This centenary concept explores Maserati’s stylistic heritage and hints at the brand’s future design language.
Maserati unveiled the Alfieri, a 2+2 concept car to celebrate the brand’s centenary at the Geneva Palexpo today. The Alfieri is an exciting but realistic and 100% functional prototype that says much about the design DNA of future Maseratis; it could well be a door to the future of the Trident Marque.
The striking new concept bears the name of Alfieri, the most prominent of the Maserati brothers and the engineering genius who founded “Officine Alfieri Maserati” in Bologna a century ago. The Alfieri was created at the Maserati Centro Stile in Turin by a group of talented young designers, under the direction of Marco Tencone overseen by Lorenzo Ramaciotti.
In this, its 100th year, Maserati is a company in fine health. An ambitious plan that took off in 2013 with the presentation of the Quattroporte and Ghibli models is transforming the Italian manufacturer into a serious player in the premium sports car segment. In just one year, from 2012 to 2013, sales increased by 150%, from 6,200 to 15,400 cars.
Today Maserati is a global automotive player with a complete model range made up of two four-door saloons, two GT sports cars, four engines (a V8, a V6 Twin Turbo, a V8 NA and a Turbo Diesel), two different architectures (AWD & RWD) and an SUV due to arrive shortly.
The Alfieri Concept
The Alfieri is being unveiled at just the right time to re-establish Maserati’s orientation in terms of design and production. If the new Quattroporte and Ghibli gave the impression that Maserati was becoming oriented towards sporty, premium four door saloons, the Alfieri concept is a reminder that the brand has a remarkable racing heritage and a unique tradition in exotic GT cars.

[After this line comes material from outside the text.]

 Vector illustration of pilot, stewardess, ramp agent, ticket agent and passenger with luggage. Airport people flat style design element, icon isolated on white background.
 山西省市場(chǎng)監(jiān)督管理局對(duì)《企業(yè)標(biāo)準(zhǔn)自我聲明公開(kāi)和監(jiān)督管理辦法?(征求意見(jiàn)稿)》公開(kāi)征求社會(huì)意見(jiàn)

There is no doubt that the Alfieri concept represents the true essence of the Maserati brand. It is a sleek, Italian style 2+2 like the 1957 3500 GT, the 1959 5000 GT and the 1969 Indy before it, and clearly affirms Maserati’s racing DNA. Sportier in character than the GranTurismo, the Alfieri boasts proportions that might well be archetypal for a future Gran Sport and are certainly a hint at the brand’s stylistic intentions for the near future. “Maserati doesn’t change. Maserati is always Maserati”, as Ramaciotti says.

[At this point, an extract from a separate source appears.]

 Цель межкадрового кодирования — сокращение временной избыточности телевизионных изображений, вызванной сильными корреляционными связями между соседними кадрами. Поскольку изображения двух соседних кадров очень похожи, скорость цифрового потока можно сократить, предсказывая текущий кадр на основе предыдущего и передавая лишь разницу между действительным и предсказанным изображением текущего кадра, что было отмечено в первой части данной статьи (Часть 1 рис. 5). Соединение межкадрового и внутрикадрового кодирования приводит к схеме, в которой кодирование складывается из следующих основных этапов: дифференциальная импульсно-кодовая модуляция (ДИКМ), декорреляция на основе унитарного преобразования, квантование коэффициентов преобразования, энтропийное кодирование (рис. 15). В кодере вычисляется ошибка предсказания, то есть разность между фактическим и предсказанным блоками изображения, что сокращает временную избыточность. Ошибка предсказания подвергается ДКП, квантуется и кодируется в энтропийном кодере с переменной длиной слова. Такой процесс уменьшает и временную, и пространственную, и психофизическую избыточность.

As with all concept cars, there is a strong desire to turn the Alfieri into reality. It was conceived, designed and created in an approach aimed at 100% realism.
According to Lorenzo Ramaciotti, “The Alfieri is a transition point between 100 glorious years of history and the future that is opening up before us. I can’t honestly say that we’ll see this car in production in the next two years, but I’m certain we’ll see something very similar.”
The development process kicked off last summer When the designers were asked to start from a blank sheet to create a concept for Maserati’s centenary. Among various proposals, the sketches that would lead to what is now the Alfieri emerged.
One of the most fascinating cars of all time, the Maserati A6 GCS-53 designed by Pininfarina in 1954, proved a valuable source of inspiration for the designers. Far more than a rare racing machine for gentlemen drivers, the A6 GCS-53 was a masterpiece of design. It was also the last car that, at that time, the Carrozzeria Pinin Farina designed on a Maserati model before making a comeback in the first decade of the 21st century with the Quattroporte and the GranTurismo.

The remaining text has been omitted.